**Assigned task**
In this exercise, the entries below include pictures. Repeat exactly the lines from the line with "The front of" to the line with "diverse artistic expressions.", including both, but without the pictures.

**Available data**

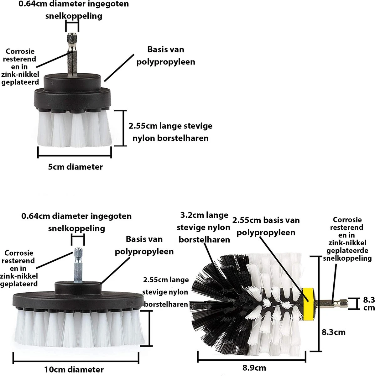 | Verpakkingsinhoud | Drie grote platte borstels van 10 cm Drie kleine ronde platte borstels van 5 cm Drie ronde borstels van 9 cm |
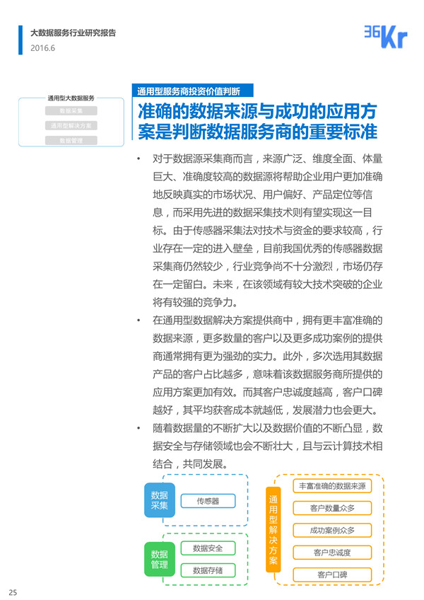 在通用型数据解决方案提供商中,拥有更丰富准确的数据来源、更多数量的客户、更高的客户忠诚度以及更多成功案例的提供商通常拥有更为强劲的实力。
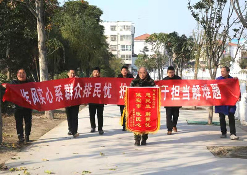 12月9日,来自鹿邑徐小桥社区的居民将一面绣有“思民生 解民忧 做实事 暖民心”的锦旗和"作风实心系群众排民忧 ,护五河勇于担当解难题"条幅送到鹿邑县五河办王力主任手中,感谢他们破解困扰居民多年的“内涝”难题。
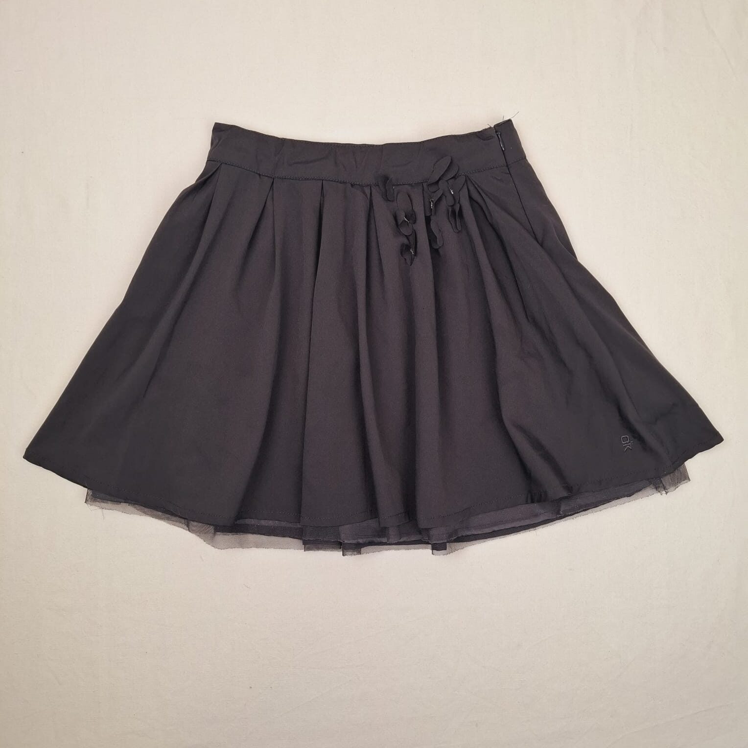 Autres commentaires : Jupe patineuse satinée gris foncé, petits papillons en relief dans le même tissu, fixés avec des fils argenté devant sur la partie gauche, double jupon, un en tulle et un en satin gris 100% polyester, taille ajustable par élastique intérieur, fermeture latérale par zip.
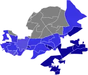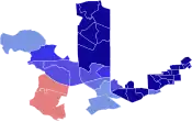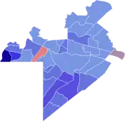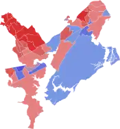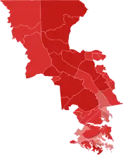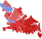 Democratic: 50–60% 60-70% 70–80% 80–90% >90%
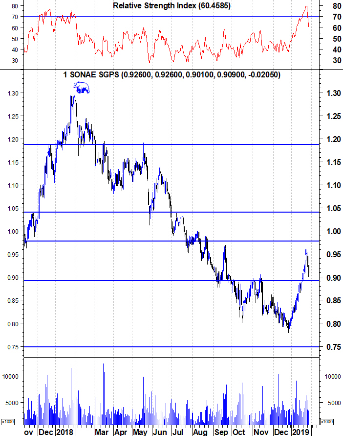 A Sonae está hoje a retrair pelo segundo dia consecutivo. Era importante para os touros que esta correcção parasse na zona dos 0,89, sinal de quebra de resistência e de reteste com sucesso da zona de resistência quebrada.
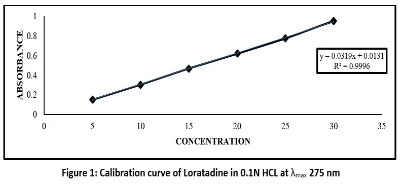 10 mg of Loratadine, precisely measured, were dissolving in ten milliliters of filtered water and 10 ml of 0.1N HCL, separately, in a vial. After that, these solutions were allowed to remain for an entire day at room temperature on a magnetic stirrer. Whatman filter paper was used to filter the samples after the specified period of time, and the filtrates were analysed for absorbance.
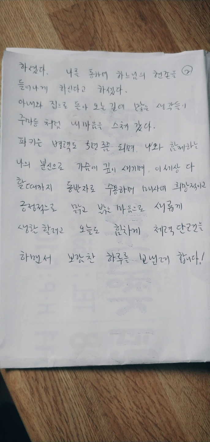 아내와 집에 돌아오는 길에 많은 생각들이 주마등처럼 제 머리를 스쳐 갑니다. 파킨슨 병력도 5년쯤 되면서 어느덧 나와 함께 하는 나의 분신처럼 여겨집니다. 신부님 말씀을 가슴에 깊이 새기며, 이 세상 다 할 때까지 동반자로 수용하며, 매사에 희망적이고 긍정적으로 맑고 밝은 마음으로 새롭게 생활하려 합니다. 오늘도 힘차게 체력 단련을 하면서 보람찬 하루를 보내 봅시다.
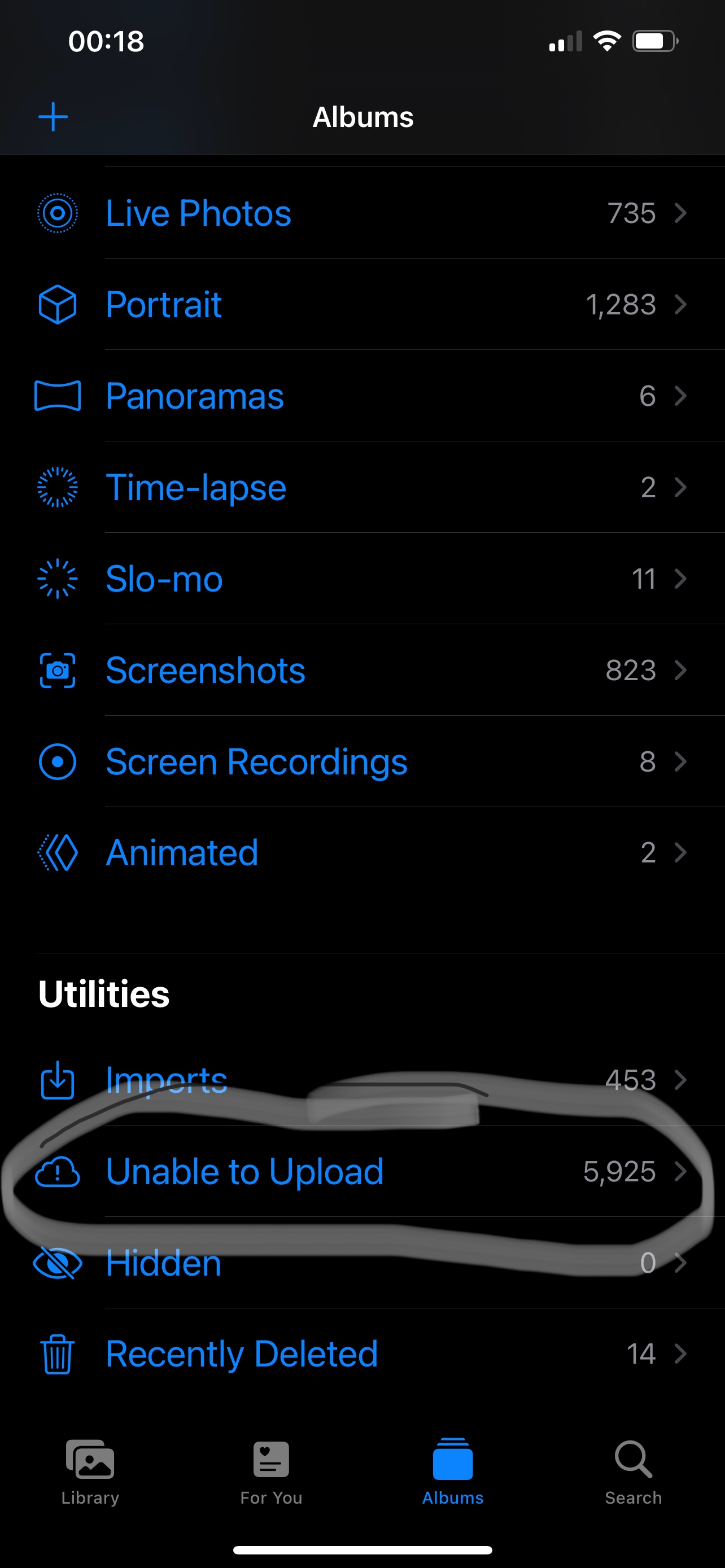 Next, if you tap on the 5,925 photos that are not uploading, do they seem to have anything in common or does it appear to be random?
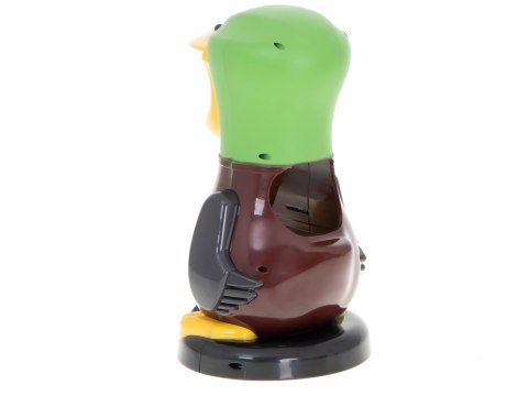 Kiedy pocisk uderzy w język kaczki, zabawka odtwarza charakterystyczny dźwięk.
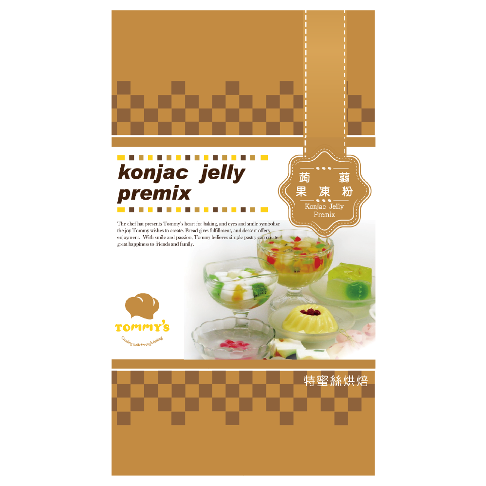 軟Q有口感。蒟蒻果凍粉內含有高纖維蒟蒻,是一款健康、低熱量的產品。蒟蒻果凍粉可在製作過程中加入果汁調味,當成小朋友們的日常點心,也可以和飲料一起搭配食用,別有一番風味。
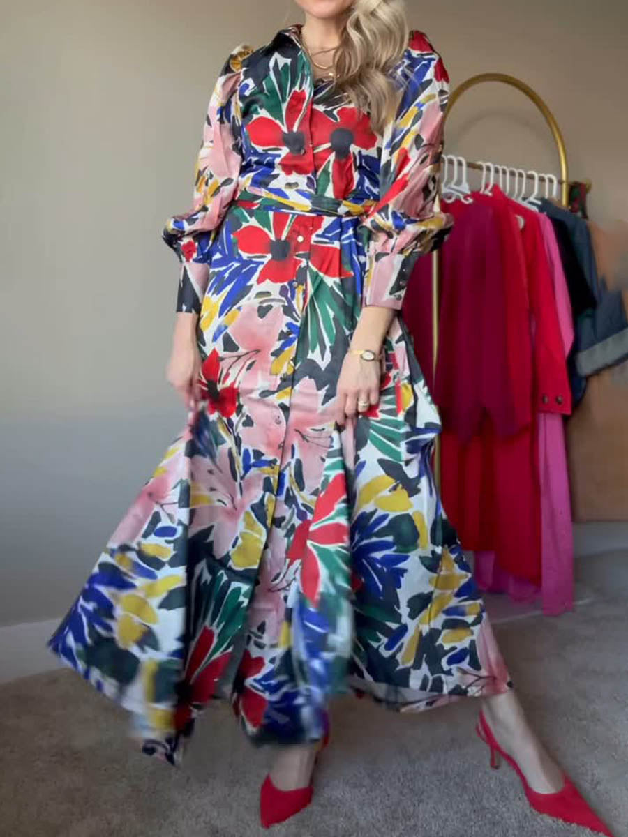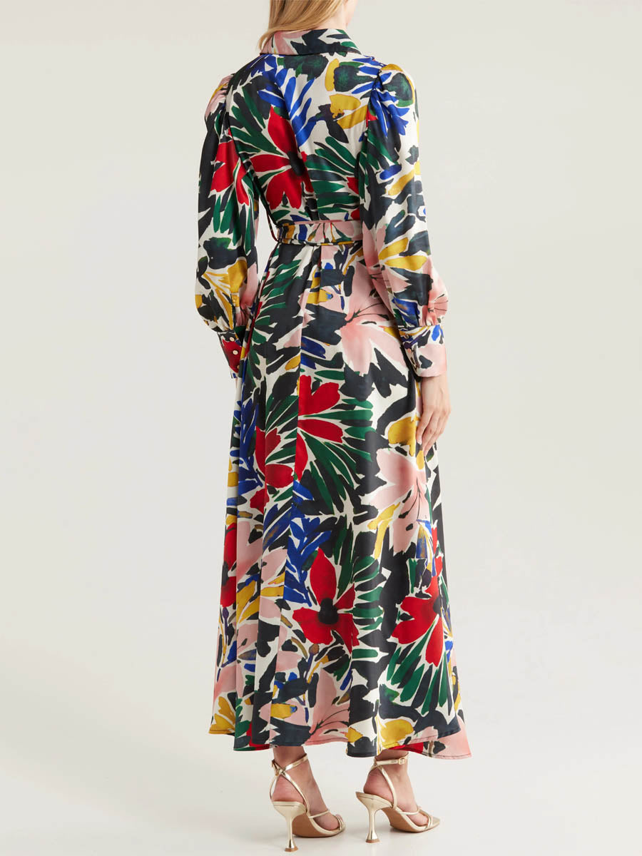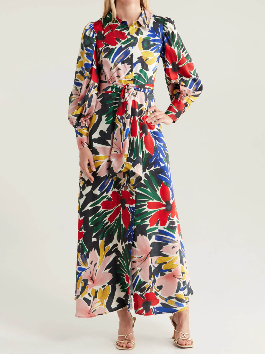 A bold print elevates a flowy A-line shirtdress fashioned with billowy bishop sleeves and a self-tie belt. 60 1/2" length Front button closure Spread collar Long sleeves with three-button cuffs Removable waist tie 100% polyester Machine wash, dry flat Imported Model stats: 5'10" height, 41" bust, 36" waist, 48" hip. Model is wearing size 2X.
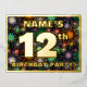 The front of this bold twelfth birthday party/celebration foil invitation postcard design features an editable name, a large number “12th”, the message “BIRTHDAY PARTY!”, and a border. The background of the front features an exciting, multicolored bursting celebratory fireworks-inspired pattern. The back features personalised details about the event, such as the date, time, location, and any other important information. Customisable invitations like these might be a fun way to let guests/attendees know about a birthday party being held to celebrate somebody’s 12th birthday. [~Z0000609]
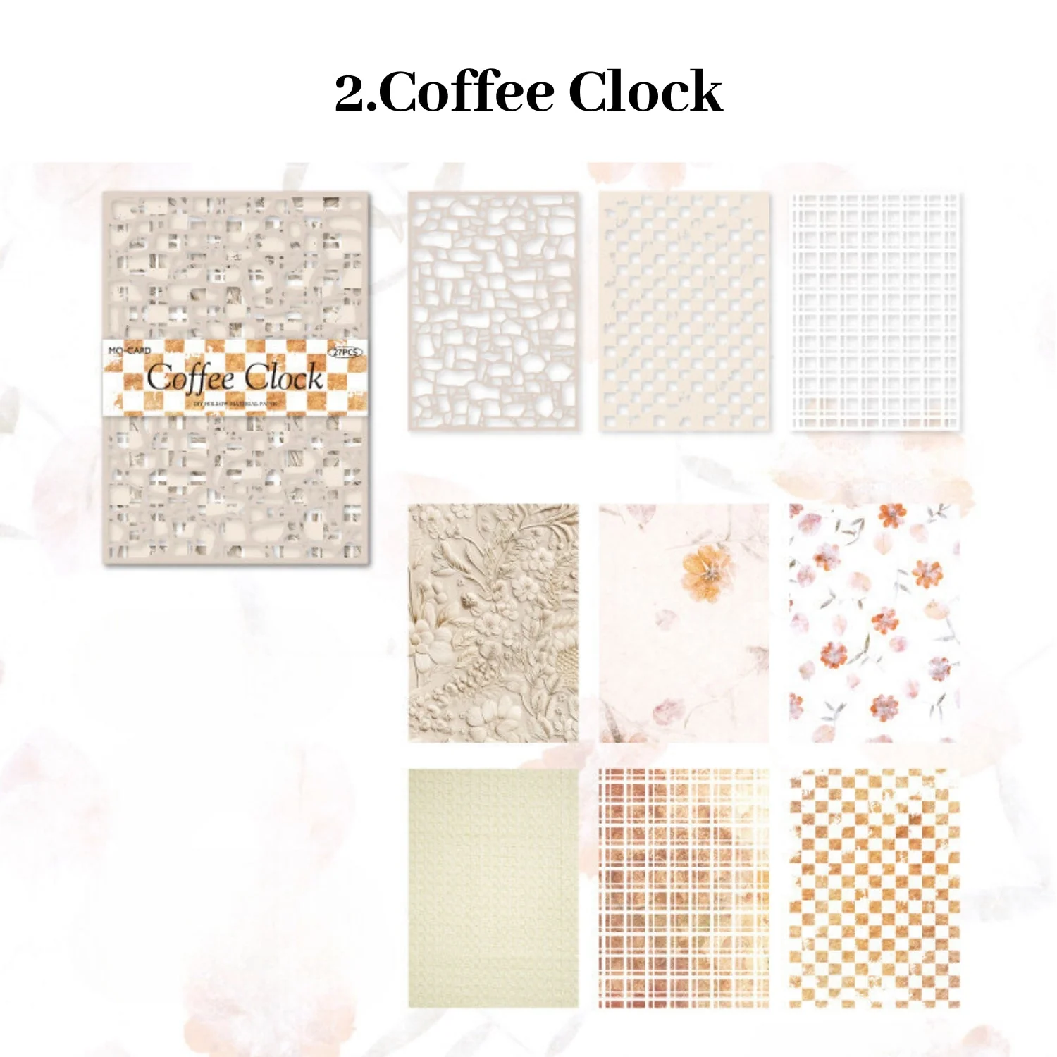* Variety of Styles: The package includes 27 sheets divided into 6 captivating styles: Sakura Letter, Coffee Clock, European Flower and Leaf, Butterfly Iris, Letter Music, and Star and Moon Lace. These themes offer a blend of cultural and natural motifs, perfect for diverse artistic expressions.
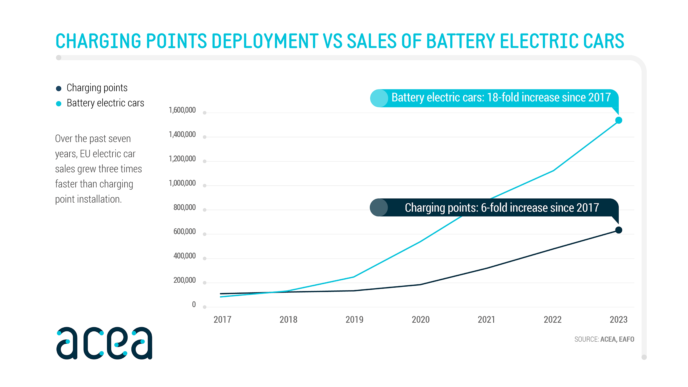 EU electric car sales grew three times faster than charging point installation between 2017 and 2023, ACEA’s report shows. Looking ahead, the EU needs eight times more charging points annually by 2030.

**Result**
 The front of this bold twelfth birthday party/celebration foil invitation postcard design features an editable name, a large number “12th”, the message “BIRTHDAY PARTY!”, and a border. The background of the front features an exciting, multicolored bursting celebratory fireworks-inspired pattern. The back features personalised details about the event, such as the date, time, location, and any other important information. Customisable invitations like these might be a fun way to let guests/attendees know about a birthday party being held to celebrate somebody’s 12th birthday. [~Z0000609]
* Variety of Styles: The package includes 27 sheets divided into 6 captivating styles: Sakura Letter, Coffee Clock, European Flower and Leaf, Butterfly Iris, Letter Music, and Star and Moon Lace. These themes offer a blend of cultural and natural motifs, perfect for diverse artistic expressions.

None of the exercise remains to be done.